I have tries distcp as well and it ended up with exception:
13/03/06 05:41:13 INFO tools.DistCp: srcPaths=[s3n://acessKey:[EMAIL PROTECTED]et/srcData]
13/03/06 05:41:13 INFO tools.DistCp: destPath=/test/srcData
13/03/06 05:41:18 INFO tools.DistCp: /test/srcData does not exist.
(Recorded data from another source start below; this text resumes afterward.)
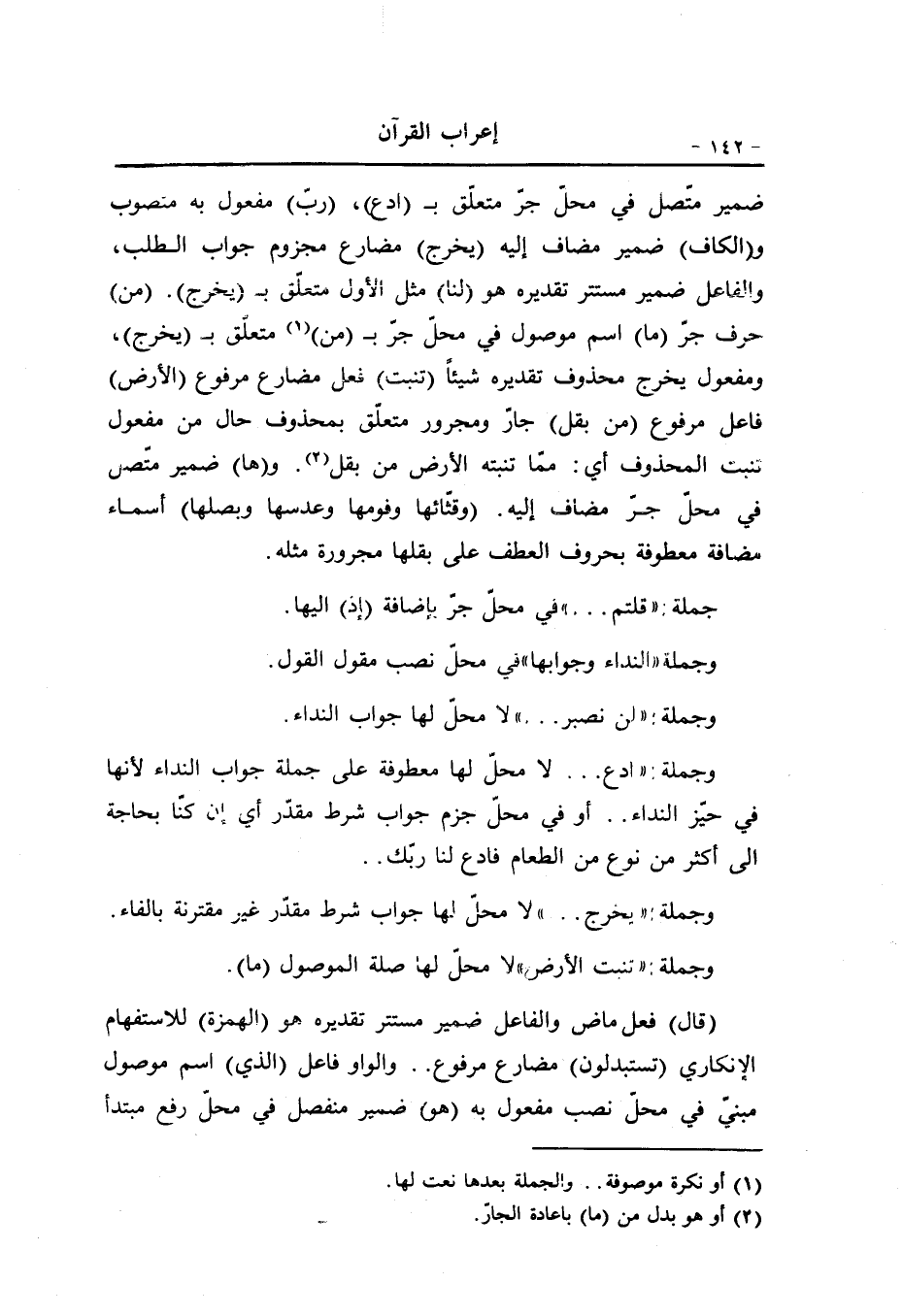 ضمير متّصل في محلّ جرّ متعلّق ب (ادع) ، (ربّ) مفعول به منصوب و (الكاف) ضمير مضاف إليه (يخرج) مضارع مجزوم جواب الطلب، والفاعل ضمير مستتر تقديره هو (لنا) مثل الأول متعلّق ب (يخرج) . (من) حرف جرّ (ما) اسم موصول في محلّ جرّ ب (من) «1» متعلّق ب (يخرج) ، ومفعول يخرج محذوف تقديره شيئا (تنبت) فعل مضارع مرفوع (الأرض) فاعل مرفوع (من بقل) جارّ ومجرور متعلّق بمحذوف حال من مفعول تنبت المحذوف أي: ممّا تنبته الأرض من بقل «2» . و (ها) ضمير متّصل في محلّ جرّ مضاف إليه. (وقثّائها وفومها وعدسها وبصلها) أسماء مضافة معطوفة بحروف العطف على بقلها مجرورة مثله.
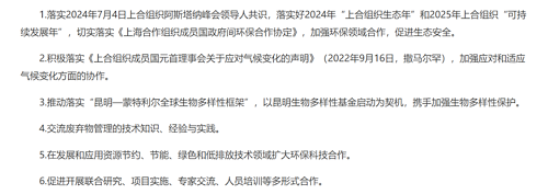 7月8日,以“攜手綠色發(fā)展,推動(dòng)人與自然和諧共生”為主題的上海合作組織國家綠色發(fā)展論壇在山東省青島市開幕。本次論壇是中方作為輪值主席國舉辦的首場高級(jí)別活動(dòng),旨在推動(dòng)上合組織國家在綠色能源、綠色產(chǎn)業(yè)、應(yīng)對(duì)氣候變化等領(lǐng)域深度合作。會(huì)上發(fā)布“共建綠色發(fā)展伙伴關(guān)系,共促可持續(xù)發(fā)展”倡議。(據(jù)中國政府網(wǎng)、生態(tài)環(huán)境部)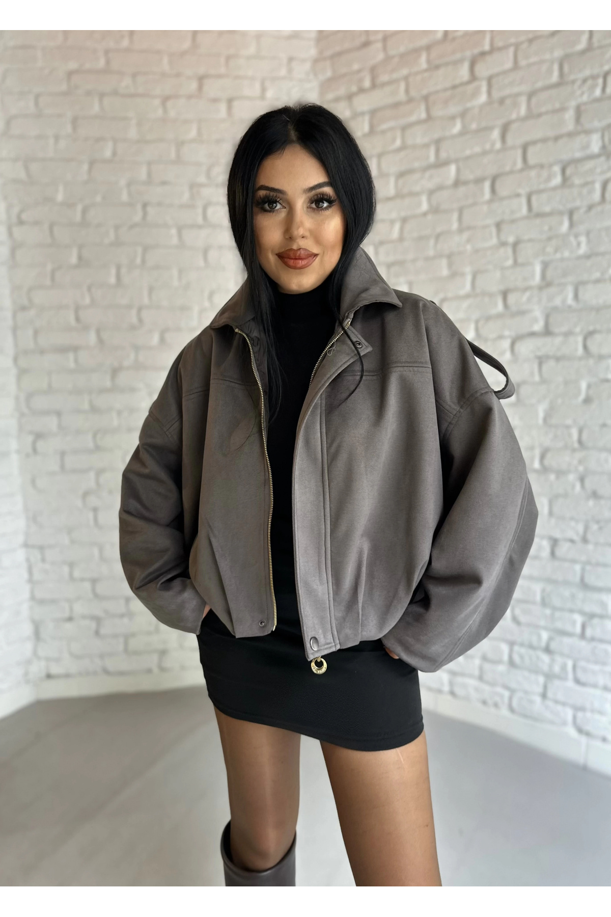 Oversize Süet Bomber Ceket Oversize Süet Bomber Ceket SND18292199 L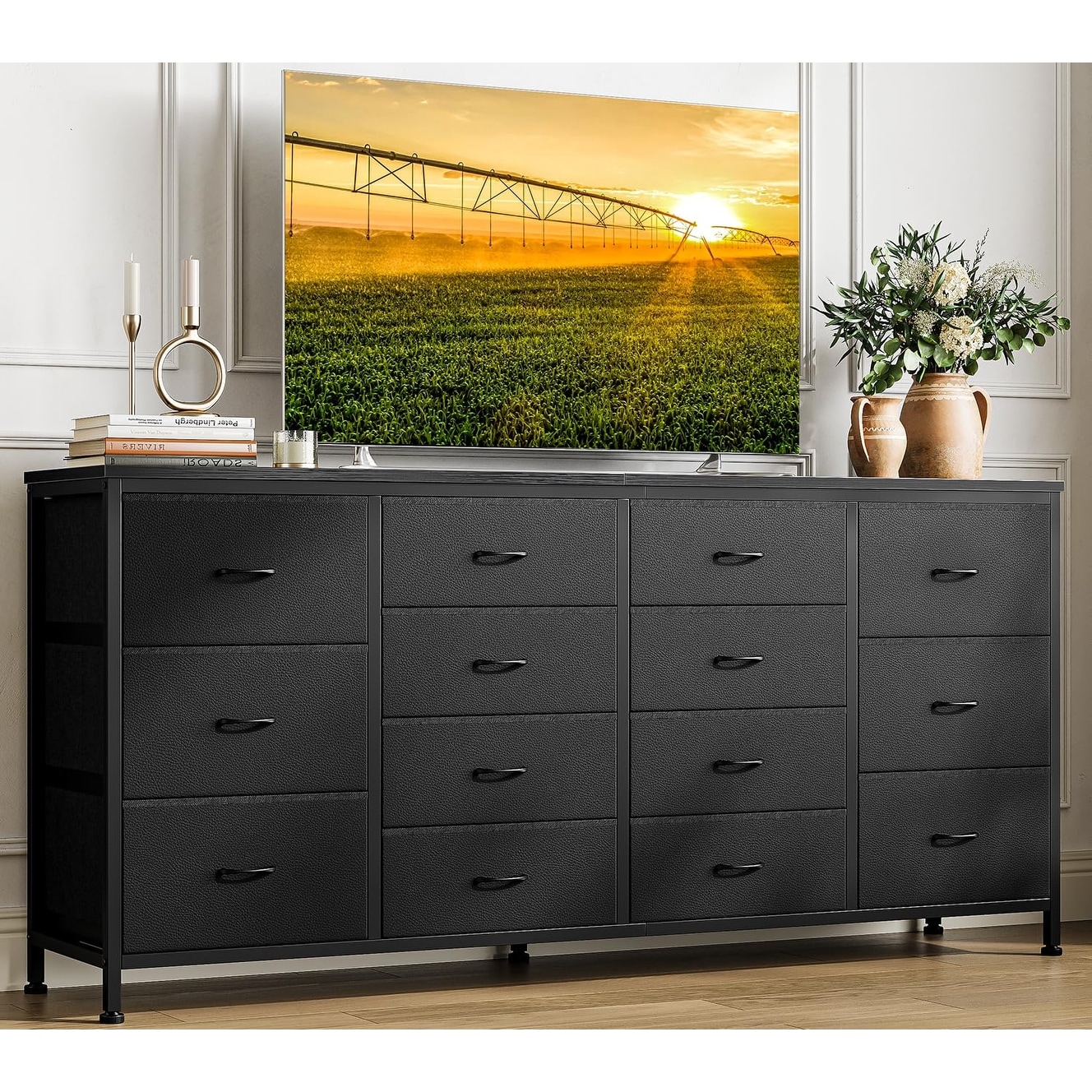 63" W Dresser TV Stand for 65/70/75 Inch TV, 14 Drawer Entertainment Center with Power Outlets

org.apache.hadoop.tools.DistCp$DuplicationException: Invalid input, there are duplicated files in the sources: s3n://acessKey:[EMAIL PROTECTED]et/srcData/compressed, s3n://acessKey:[EMAIL PROTECTED]et/srcData/compressed
at org.apache.hadoop.tools.DistCp.checkDuplication(DistCp.java:1368)
at org.apache.hadoop.tools.DistCp.setup(DistCp.java:1176)
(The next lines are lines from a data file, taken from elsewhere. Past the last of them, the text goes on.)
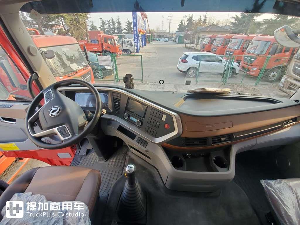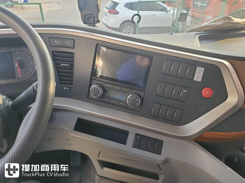 内饰上基本和老天龙没啥区别,整体就是环湾式的仪表台,上面带有银色镶边石条,工作台采用黑棕两色双拼的配色搭配,质感与做工都偏向豪华乘用车。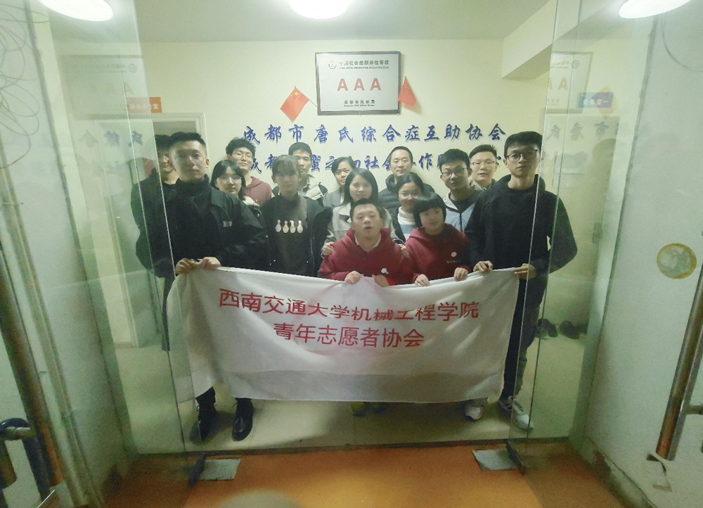 11月21日,环球体育(中国)科技有限公司官网团委副书记胡豪,环球体育(中国)科技有限公司官网青年志愿者协会指导老师黄兆国共同引领机械青协志愿者来到成都市唐氏综合症互助协会中心,举行“环球体育(中国)科技有限公司官网青年志愿者协会志愿服务基地”挂牌仪式。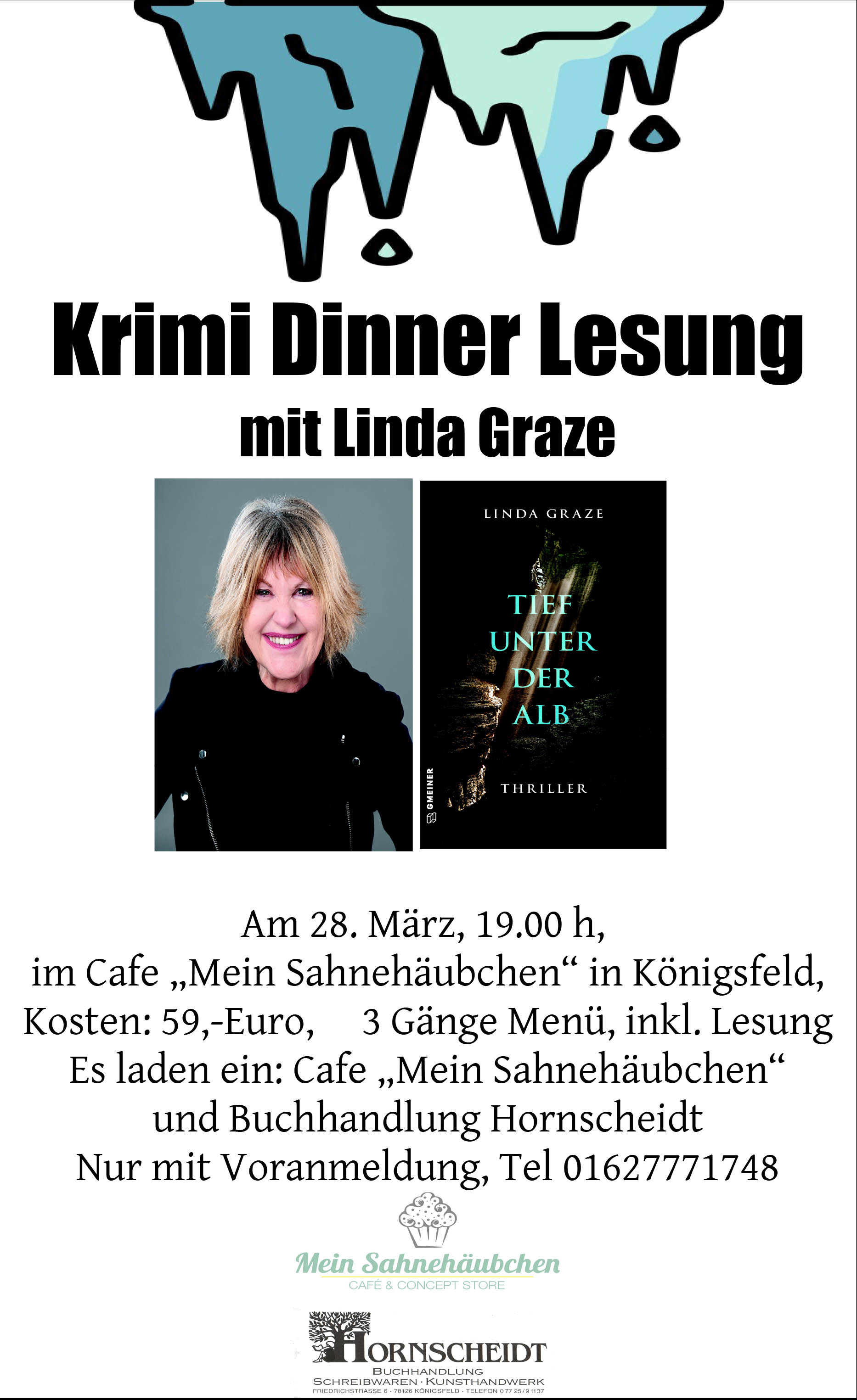 Schon das erste Krimidinner mit Herbert Noack war ein voller Erfolg. Die Buchhandlung Hornscheidt und das Cafe Sahnehäubchen laden erneut zum spannenden Krimidinner mit feinem 3-Gänge-Menü ins Cafe Sahnehäubchen ein.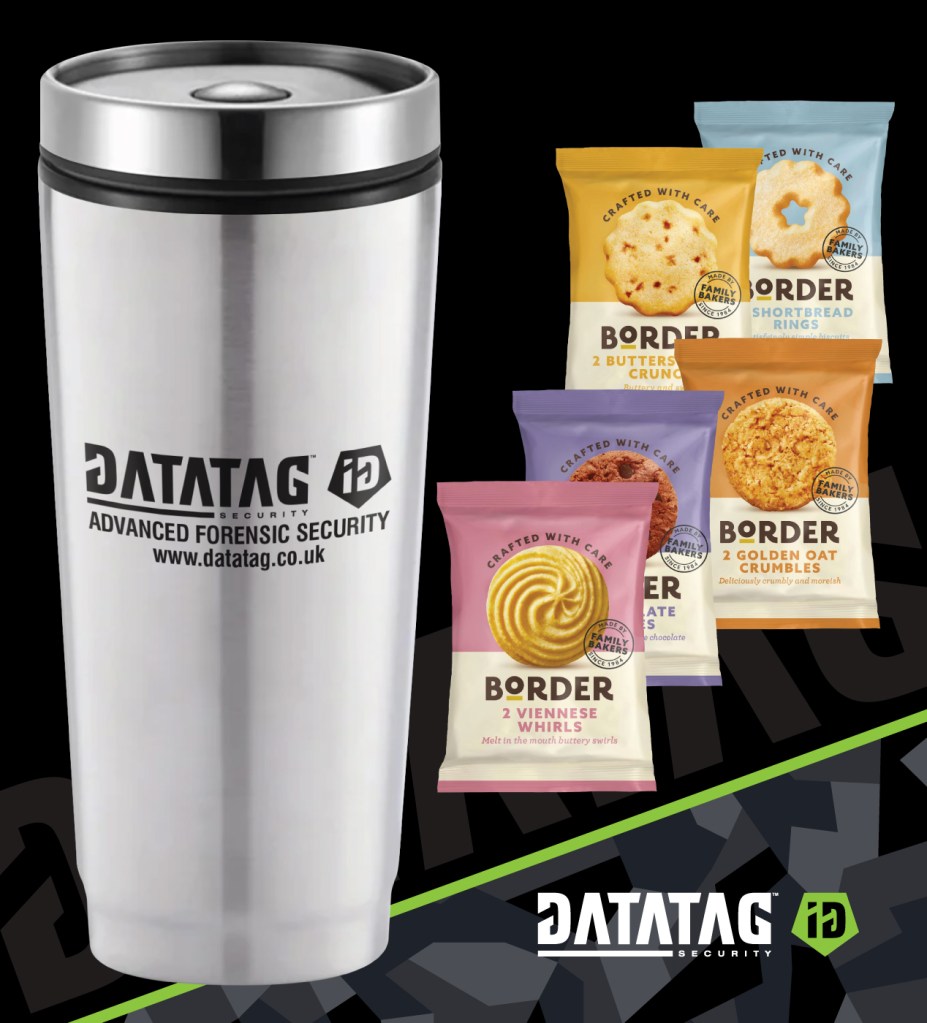 As a special bonus, every purchase made at Toolfair London will come with a FREE Datatag Thermos Mug & Biscuits – because securing your tools should come with a warm drink and a treat!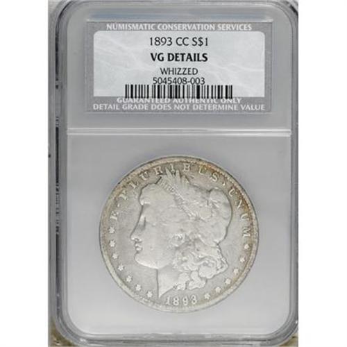 <B>1893-CC $1 --Whizzed--NCS. VG Details.</B></I> NGC Census: (36/2032). PCGS Population (53/3845). Mintage: 677,000. Numismedia Wsl. Price for NGC/PCGS coin in VG8 : $220. (#7222)<BR><BR><B>Coin Engraver:</B> George T. Morgan<BR><BR><b>Shipping:</b> Coins & Currency (<a target="_blank" href="http://www.heritageauctions.com/common/shipping.php">view shipping information</a>)

at org.apache.hadoop.tools.DistCp.copy(DistCp.java:666)
at org.apache.hadoop.tools.DistCp.run(DistCp.java:881)
at org.apache.hadoop.util.ToolRunner.run(ToolRunner.java:65)
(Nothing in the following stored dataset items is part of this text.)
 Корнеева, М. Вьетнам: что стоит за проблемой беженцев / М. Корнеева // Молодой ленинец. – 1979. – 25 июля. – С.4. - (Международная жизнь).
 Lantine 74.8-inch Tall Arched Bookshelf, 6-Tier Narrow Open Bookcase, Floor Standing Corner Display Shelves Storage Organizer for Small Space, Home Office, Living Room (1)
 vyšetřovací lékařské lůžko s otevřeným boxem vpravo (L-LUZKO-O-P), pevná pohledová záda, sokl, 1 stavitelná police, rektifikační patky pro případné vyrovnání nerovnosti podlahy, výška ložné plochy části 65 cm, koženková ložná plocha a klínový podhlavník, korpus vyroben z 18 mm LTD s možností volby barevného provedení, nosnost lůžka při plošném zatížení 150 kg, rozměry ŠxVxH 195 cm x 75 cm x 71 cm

at org.apache.hadoop.util.ToolRunner.run(ToolRunner.java:79)
at org.apache.hadoop.tools.DistCp.main(DistCp.java:908)

One more interesting stuff to notice is that same thing works nicely with hadoop 2.0

Cheers,
Subroto Sanyal
On Mar 6, 2013, at 11:12 AM, Michel Segel wrote:

> Have you tried using distcp?
>
> Sent from a remote device. Please excuse any typos...
>
> Mike Segel
>
> On Mar 5, 2013, at 8:37 AM, Subroto <[EMAIL PROTECTED]> wrote:
>
>> Hi,
>>
>> Its not because there are too many recursive folders in S3 bucket; in-fact there is no recursive folder in the source.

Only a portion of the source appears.